INSTRUCTIONS FOR THE TASK> Copy out the records precisely, omitting pictures.

RECORDS SHOWN>
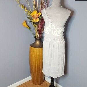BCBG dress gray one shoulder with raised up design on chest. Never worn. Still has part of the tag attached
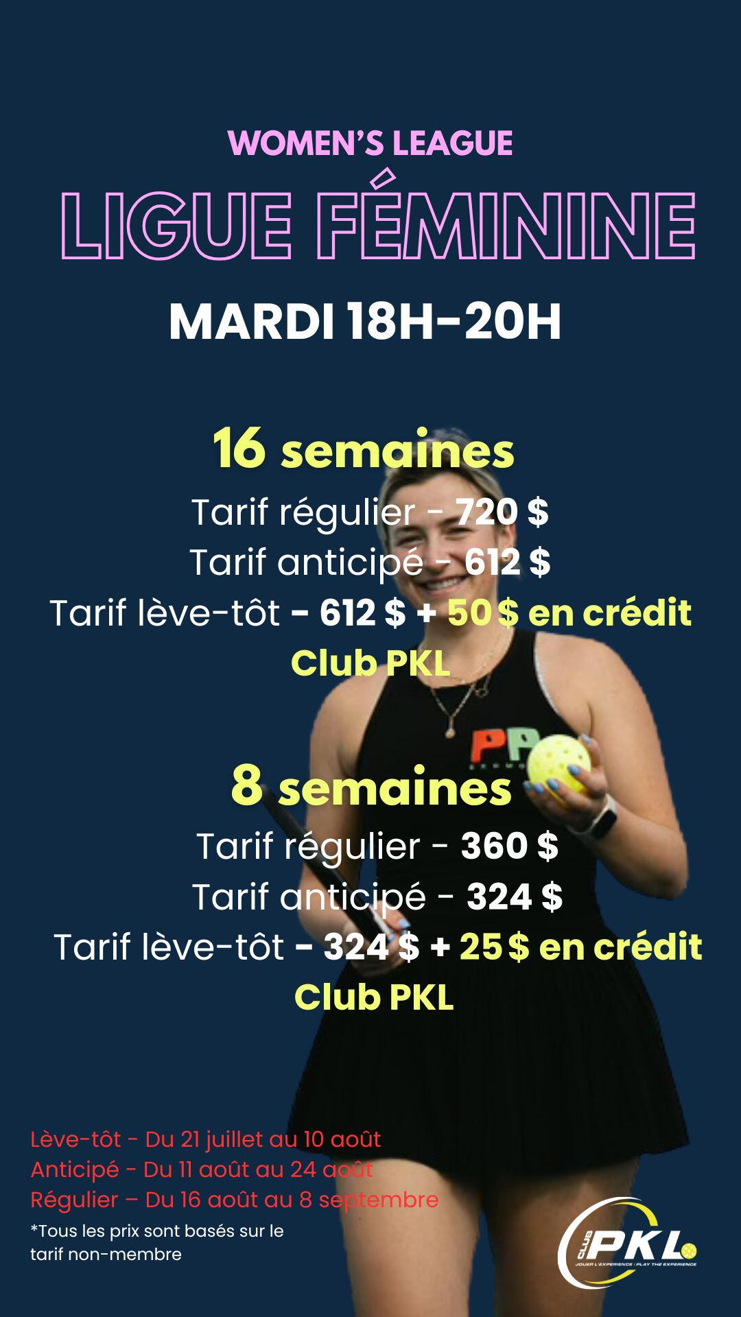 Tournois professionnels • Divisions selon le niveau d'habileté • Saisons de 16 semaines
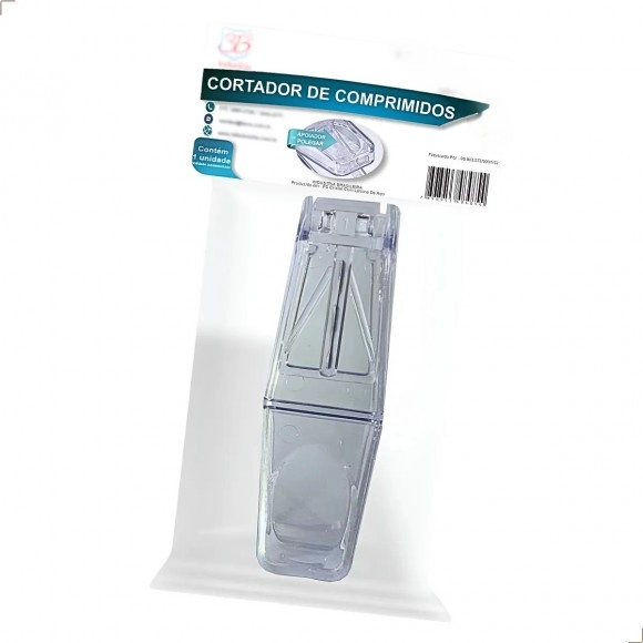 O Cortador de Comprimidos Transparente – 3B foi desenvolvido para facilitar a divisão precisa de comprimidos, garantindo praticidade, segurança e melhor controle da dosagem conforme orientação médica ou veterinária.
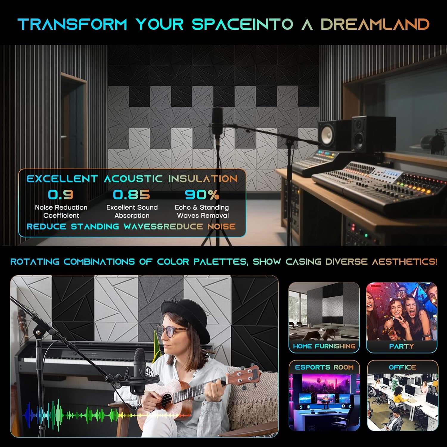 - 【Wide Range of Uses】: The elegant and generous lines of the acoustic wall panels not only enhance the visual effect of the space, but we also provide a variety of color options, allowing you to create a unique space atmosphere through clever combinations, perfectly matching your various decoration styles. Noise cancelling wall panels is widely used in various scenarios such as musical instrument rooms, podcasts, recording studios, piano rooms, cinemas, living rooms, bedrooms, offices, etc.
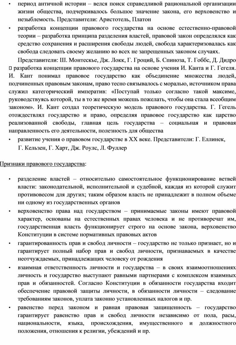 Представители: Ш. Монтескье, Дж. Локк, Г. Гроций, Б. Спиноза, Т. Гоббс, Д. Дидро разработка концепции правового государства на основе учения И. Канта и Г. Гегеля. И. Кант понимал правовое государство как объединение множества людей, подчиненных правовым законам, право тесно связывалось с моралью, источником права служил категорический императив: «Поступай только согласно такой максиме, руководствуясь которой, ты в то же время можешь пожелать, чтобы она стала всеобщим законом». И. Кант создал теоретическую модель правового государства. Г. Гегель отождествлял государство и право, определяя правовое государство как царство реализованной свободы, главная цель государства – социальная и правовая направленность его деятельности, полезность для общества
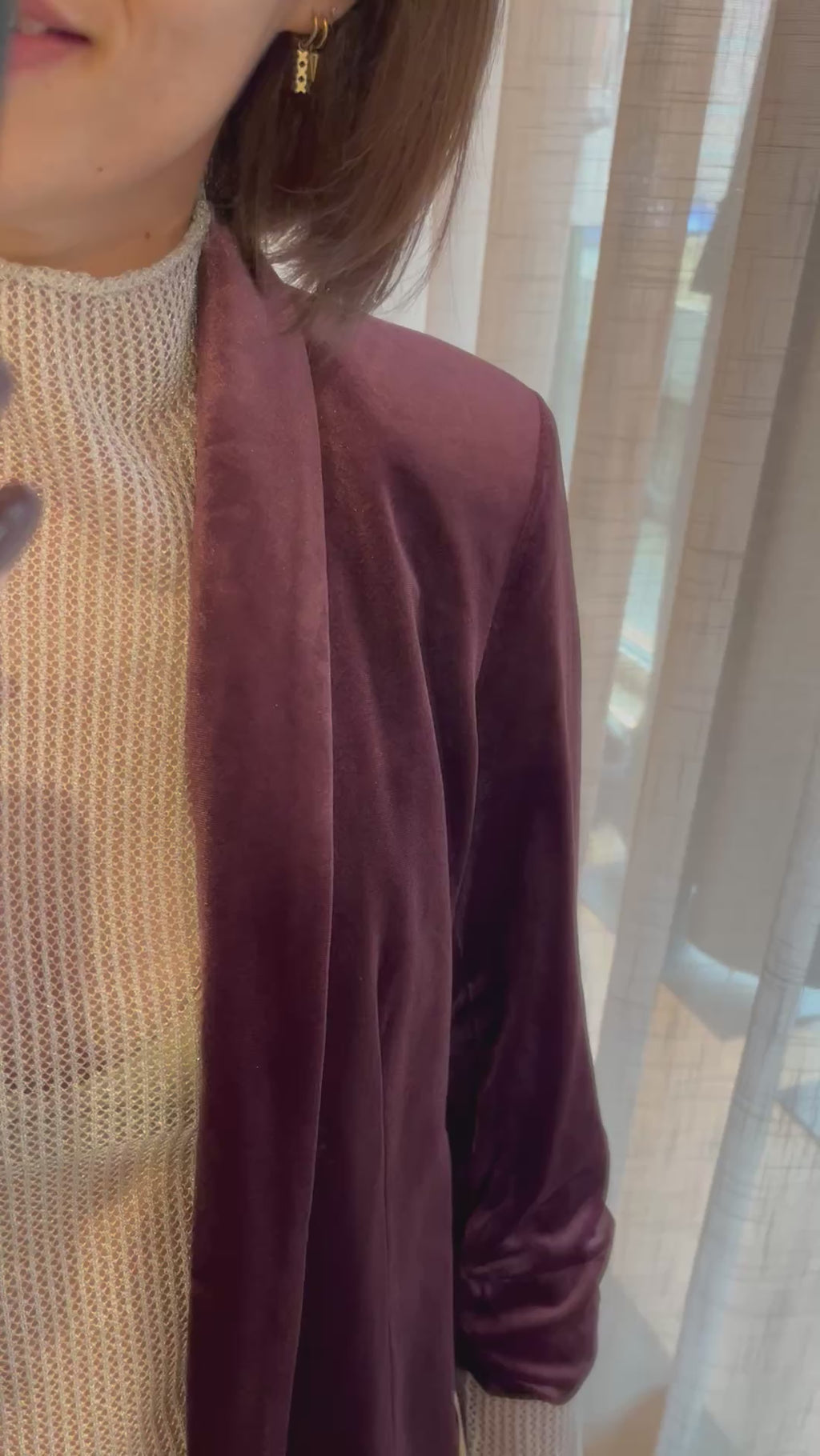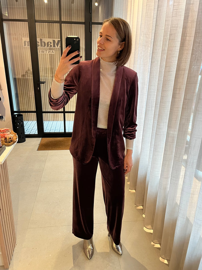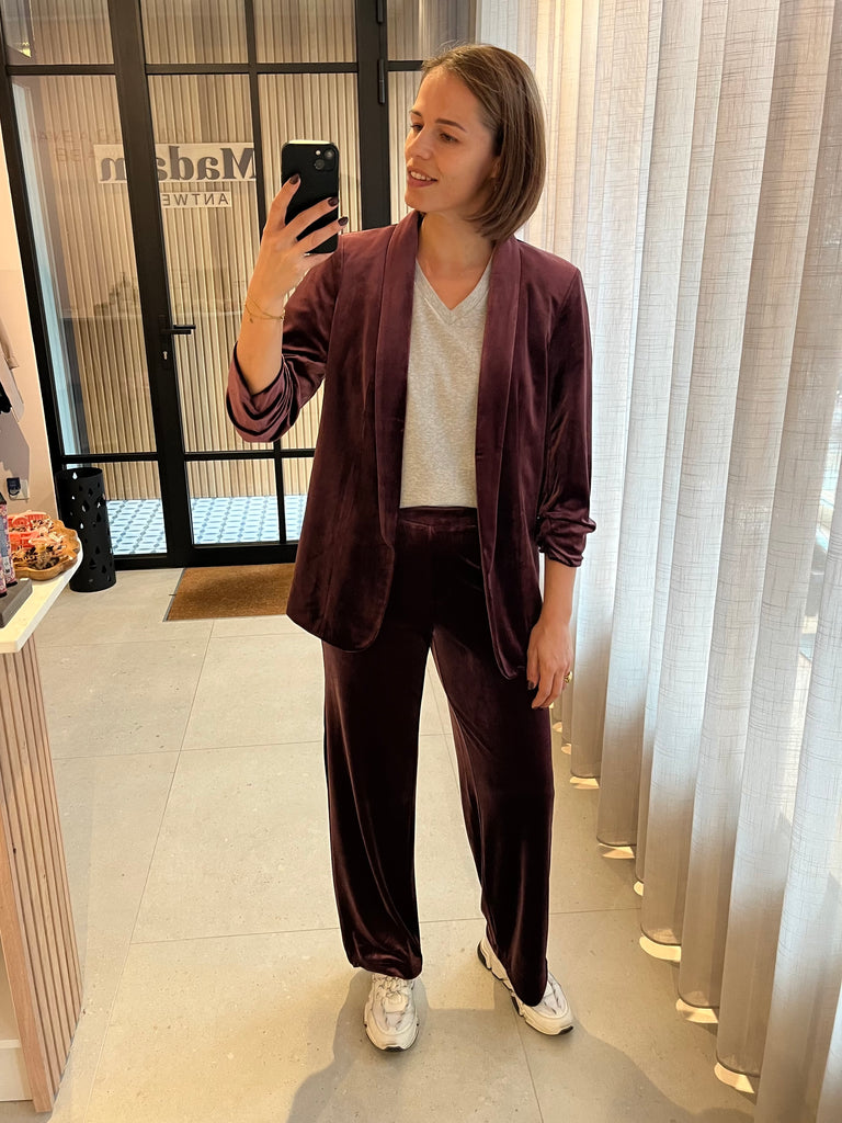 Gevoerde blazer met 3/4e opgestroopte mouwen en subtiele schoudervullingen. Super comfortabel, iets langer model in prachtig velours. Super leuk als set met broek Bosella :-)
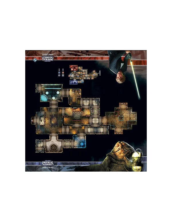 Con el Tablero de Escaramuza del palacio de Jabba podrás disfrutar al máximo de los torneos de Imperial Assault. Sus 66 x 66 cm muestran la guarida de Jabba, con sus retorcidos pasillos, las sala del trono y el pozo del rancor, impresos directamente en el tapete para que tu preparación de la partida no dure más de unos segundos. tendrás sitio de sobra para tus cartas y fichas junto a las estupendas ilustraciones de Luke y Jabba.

OUTPUT OF THE EXERCISE>
BCBG dress gray one shoulder with raised up design on chest. Never worn. Still has part of the tag attached
 Tournois professionnels • Divisions selon le niveau d'habileté • Saisons de 16 semaines
 O Cortador de Comprimidos Transparente – 3B foi desenvolvido para facilitar a divisão precisa de comprimidos, garantindo praticidade, segurança e melhor controle da dosagem conforme orientação médica ou veterinária.
 - 【Wide Range of Uses】: The elegant and generous lines of the acoustic wall panels not only enhance the visual effect of the space, but we also provide a variety of color options, allowing you to create a unique space atmosphere through clever combinations, perfectly matching your various decoration styles. Noise cancelling wall panels is widely used in various scenarios such as musical instrument rooms, podcasts, recording studios, piano rooms, cinemas, living rooms, bedrooms, offices, etc.
 Представители: Ш. Монтескье, Дж. Локк, Г. Гроций, Б. Спиноза, Т. Гоббс, Д. Дидро разработка концепции правового государства на основе учения И. Канта и Г. Гегеля. И. Кант понимал правовое государство как объединение множества людей, подчиненных правовым законам, право тесно связывалось с моралью, источником права служил категорический императив: «Поступай только согласно такой максиме, руководствуясь которой, ты в то же время можешь пожелать, чтобы она стала всеобщим законом». И. Кант создал теоретическую модель правового государства. Г. Гегель отождествлял государство и право, определяя правовое государство как царство реализованной свободы, главная цель государства – социальная и правовая направленность его деятельности, полезность для общества
 Gevoerde blazer met 3/4e opgestroopte mouwen en subtiele schoudervullingen. Super comfortabel, iets langer model in prachtig velours. Super leuk als set met broek Bosella :-)
 Con el Tablero de Escaramuza del palacio de Jabba podrás disfrutar al máximo de los torneos de Imperial Assault. Sus 66 x 66 cm muestran la guarida de Jabba, con sus retorcidos pasillos, las sala del trono y el pozo del rancor, impresos directamente en el tapete para que tu preparación de la partida no dure más de unos segundos. tendrás sitio de sobra para tus cartas y fichas junto a las estupendas ilustraciones de Luke y Jabba.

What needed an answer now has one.